* Problem requirements: Repeat the following data exactly, omitting pictures.

* Input data:

────

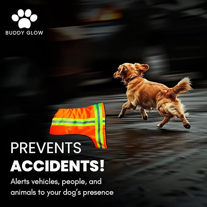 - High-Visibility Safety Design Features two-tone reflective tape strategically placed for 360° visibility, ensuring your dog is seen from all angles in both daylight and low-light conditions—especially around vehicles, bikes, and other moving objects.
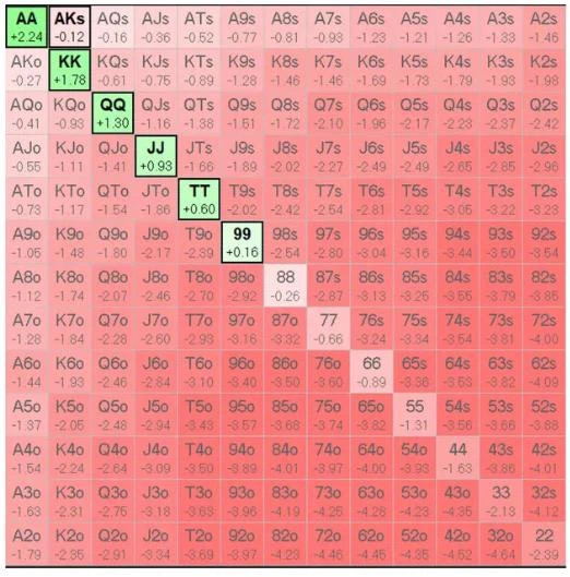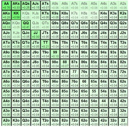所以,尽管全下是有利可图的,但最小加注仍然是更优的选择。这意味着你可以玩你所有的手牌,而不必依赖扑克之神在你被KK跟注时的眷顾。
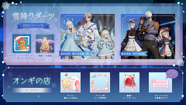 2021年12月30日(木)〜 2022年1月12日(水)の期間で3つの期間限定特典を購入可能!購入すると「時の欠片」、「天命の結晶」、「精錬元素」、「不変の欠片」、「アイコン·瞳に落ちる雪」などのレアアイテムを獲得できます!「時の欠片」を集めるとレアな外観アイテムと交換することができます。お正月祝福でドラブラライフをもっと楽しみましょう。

────

* Exercise answer:
 - High-Visibility Safety Design Features two-tone reflective tape strategically placed for 360° visibility, ensuring your dog is seen from all angles in both daylight and low-light conditions—especially around vehicles, bikes, and other moving objects.
所以,尽管全下是有利可图的,但最小加注仍然是更优的选择。这意味着你可以玩你所有的手牌,而不必依赖扑克之神在你被KK跟注时的眷顾。
 2021年12月30日(木)〜 2022年1月12日(水)の期間で3つの期間限定特典を購入可能!購入すると「時の欠片」、「天命の結晶」、「精錬元素」、「不変の欠片」、「アイコン·瞳に落ちる雪」などのレアアイテムを獲得できます!「時の欠片」を集めるとレアな外観アイテムと交換することができます。お正月祝福でドラブラライフをもっと楽しみましょう。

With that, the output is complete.